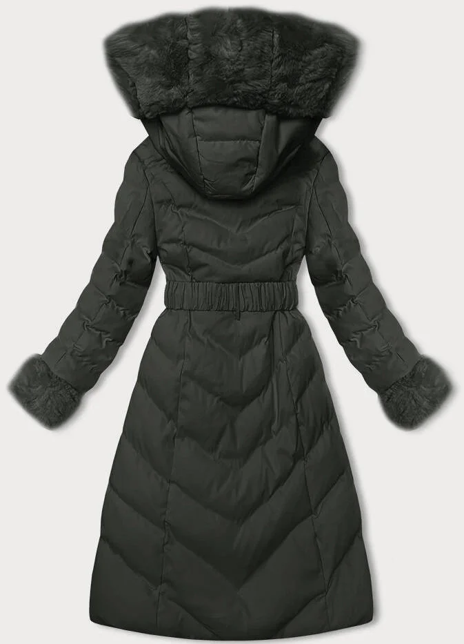 Dámská zimní bunda v army barvě s opaskem (5M3156-136)
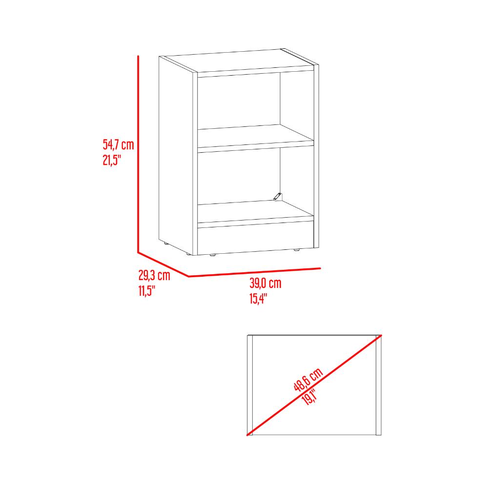 Mesa de Noche, con compartimento para ubicar objetos, un entrepaño y es de facil armado
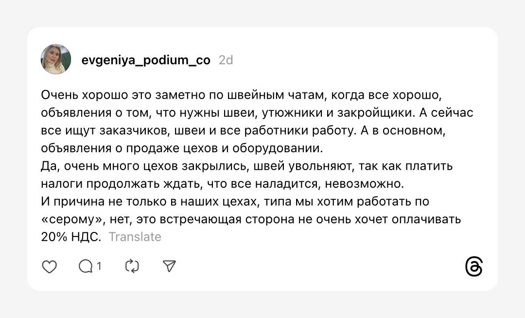 Серия бурных обсуждений началась с поста блогера Ростислава Ященко. По словам мужчины, в швейном бизнесе наблюдается большой кризис.
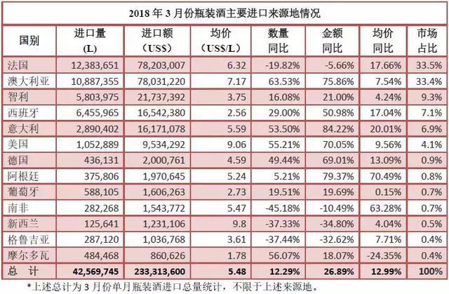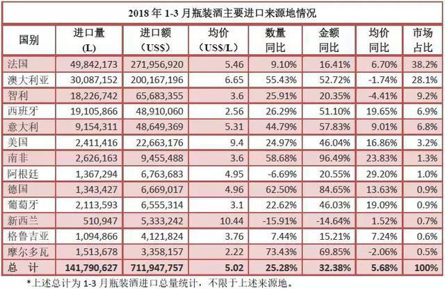 • 2018年1-3月份葡萄酒進口統計分析
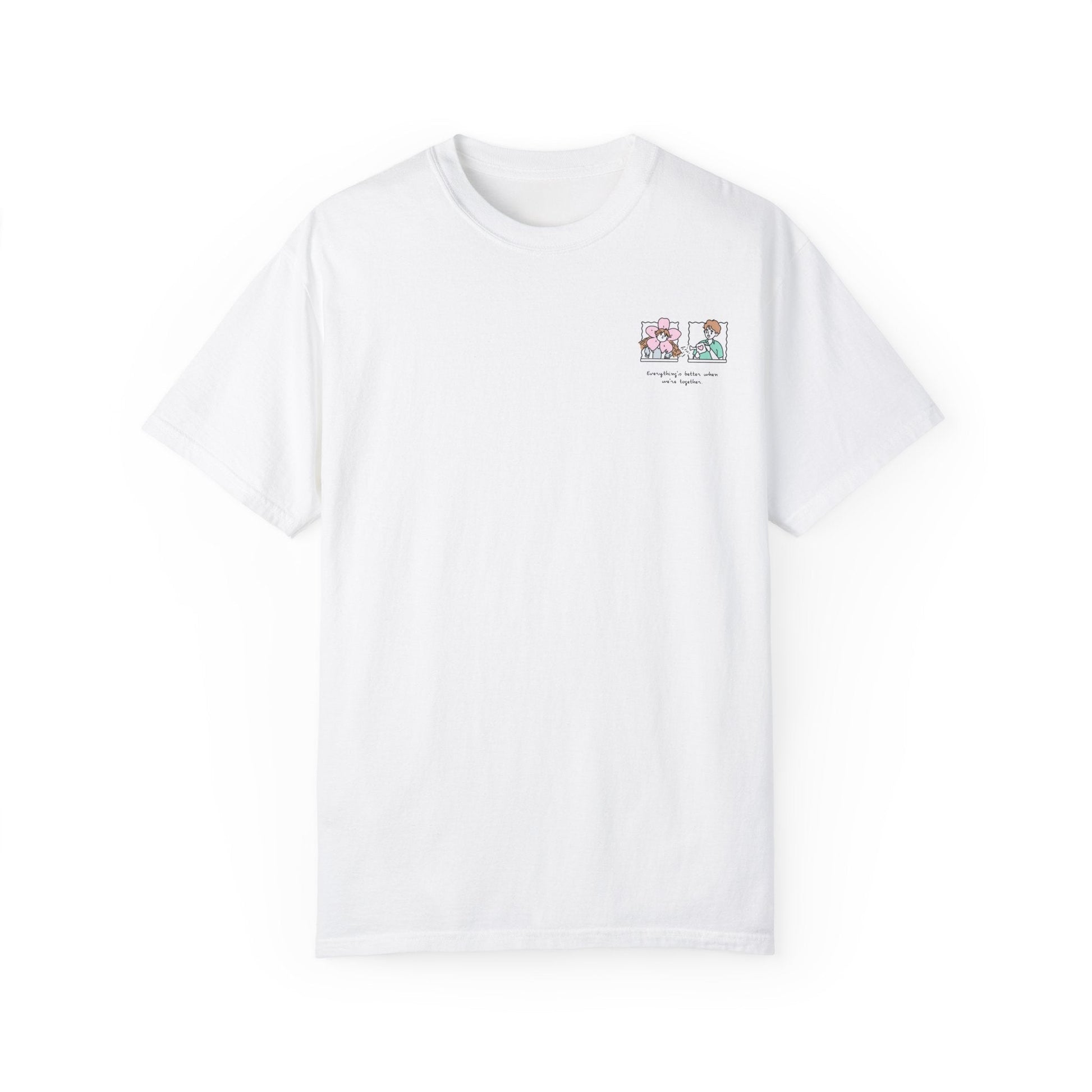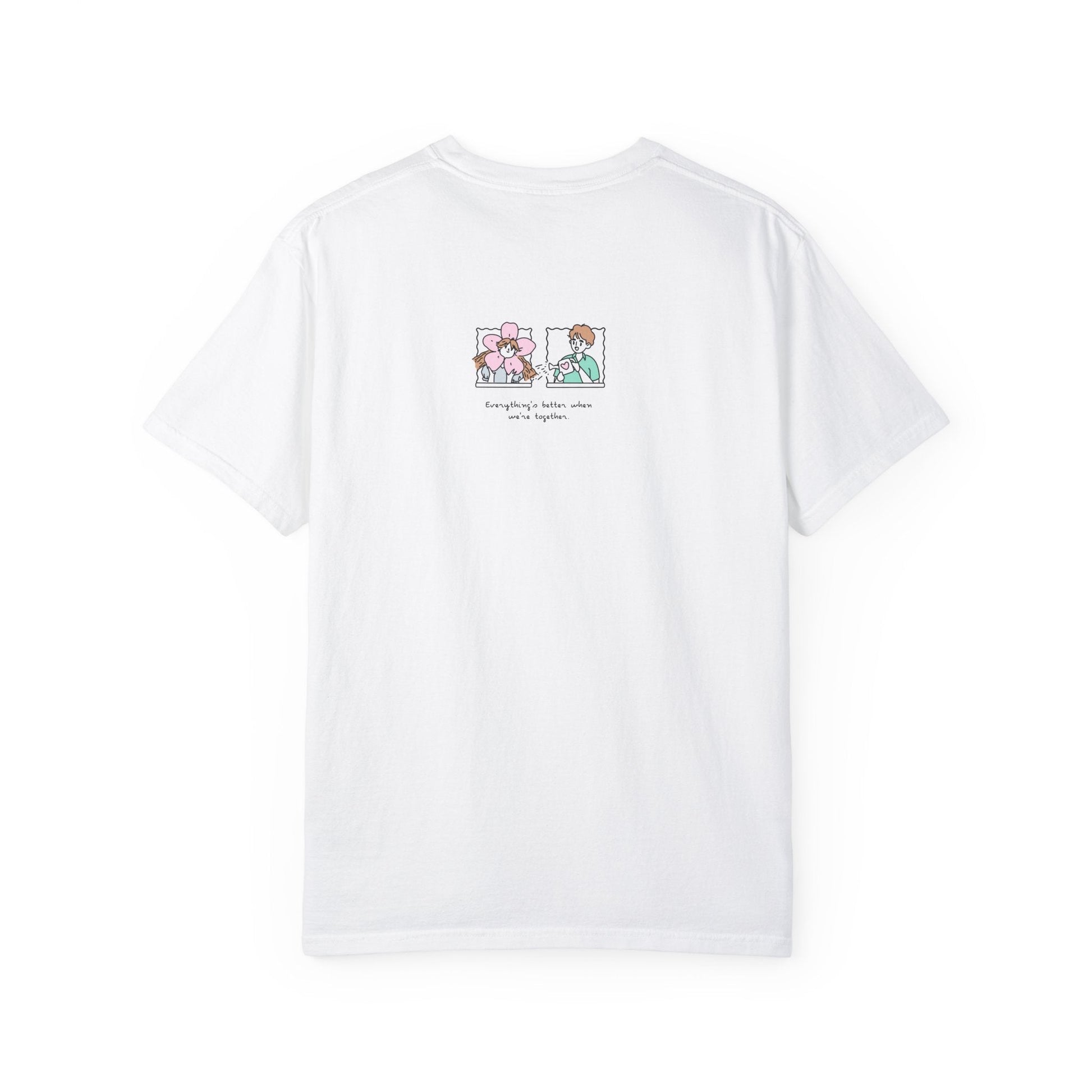 Celebrate the quiet magic of nurturing relationships with our "Growing Together" Illustrated T-Shirt. This tender design shows one partner as a sun-seeking flower and the other as a caretaker with a watering can – because real love isn’t just sparks, it’s showing up with your watering can every damn day.
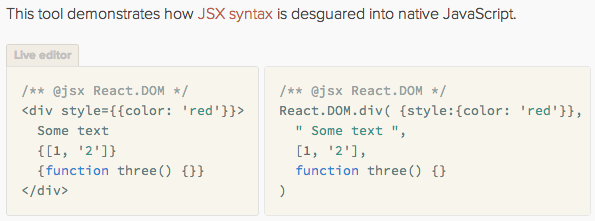 Ever wanted to have a quick way to see what a JSX tag would be converted to? Tim Yung made a page for it.
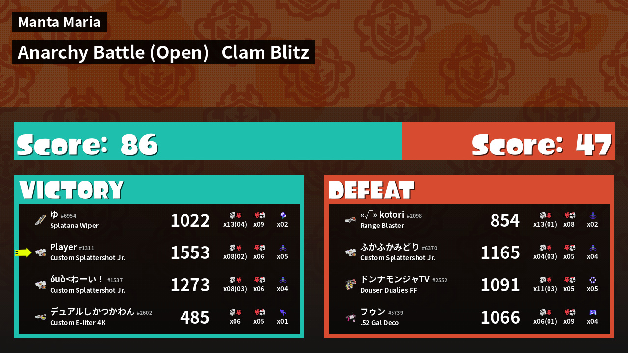 | Mode | Clam Blitz - Anarchy Battle (Open) | ||
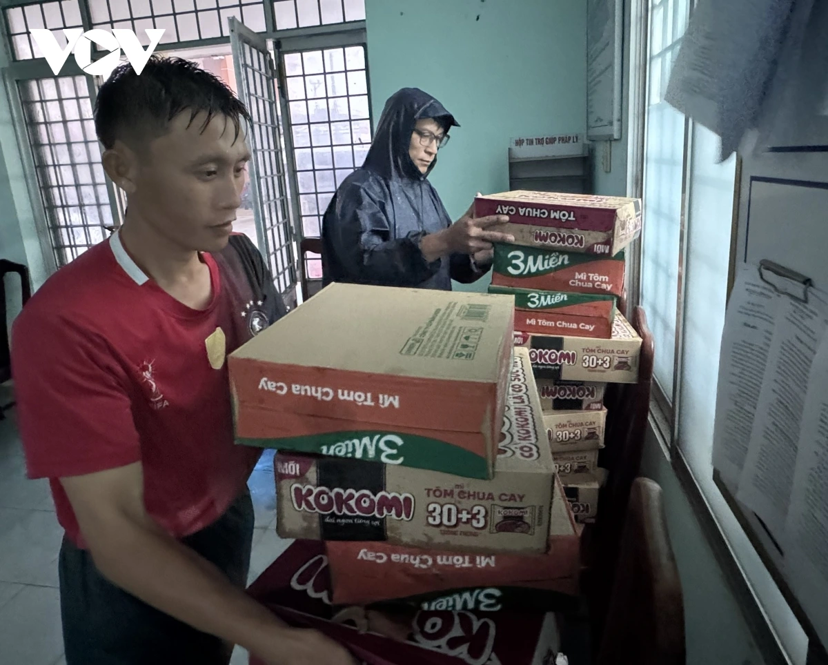 Tại tất cả các điểm tránh trú bão ở các xã, phường phía đông tỉnh Đắk Lắk, đều được bố trí nước uống đóng chai miễn phí và mì gói phục vụ bà con

########

## TASK INSTRUCTIONS:
The copy must start at the line containing "Серия бурных обсуждений" and stop at the last line of the listing, both included, with every line exact and no pictures.

## SOLUTION TO THIS TASK:
 Серия бурных обсуждений началась с поста блогера Ростислава Ященко. По словам мужчины, в швейном бизнесе наблюдается большой кризис.
 • 2018年1-3月份葡萄酒進口統計分析
 Celebrate the quiet magic of nurturing relationships with our "Growing Together" Illustrated T-Shirt. This tender design shows one partner as a sun-seeking flower and the other as a caretaker with a watering can – because real love isn’t just sparks, it’s showing up with your watering can every damn day.
 Ever wanted to have a quick way to see what a JSX tag would be converted to? Tim Yung made a page for it.
 | Mode | Clam Blitz - Anarchy Battle (Open) | ||
 Tại tất cả các điểm tránh trú bão ở các xã, phường phía đông tỉnh Đắk Lắk, đều được bố trí nước uống đóng chai miễn phí và mì gói phục vụ bà con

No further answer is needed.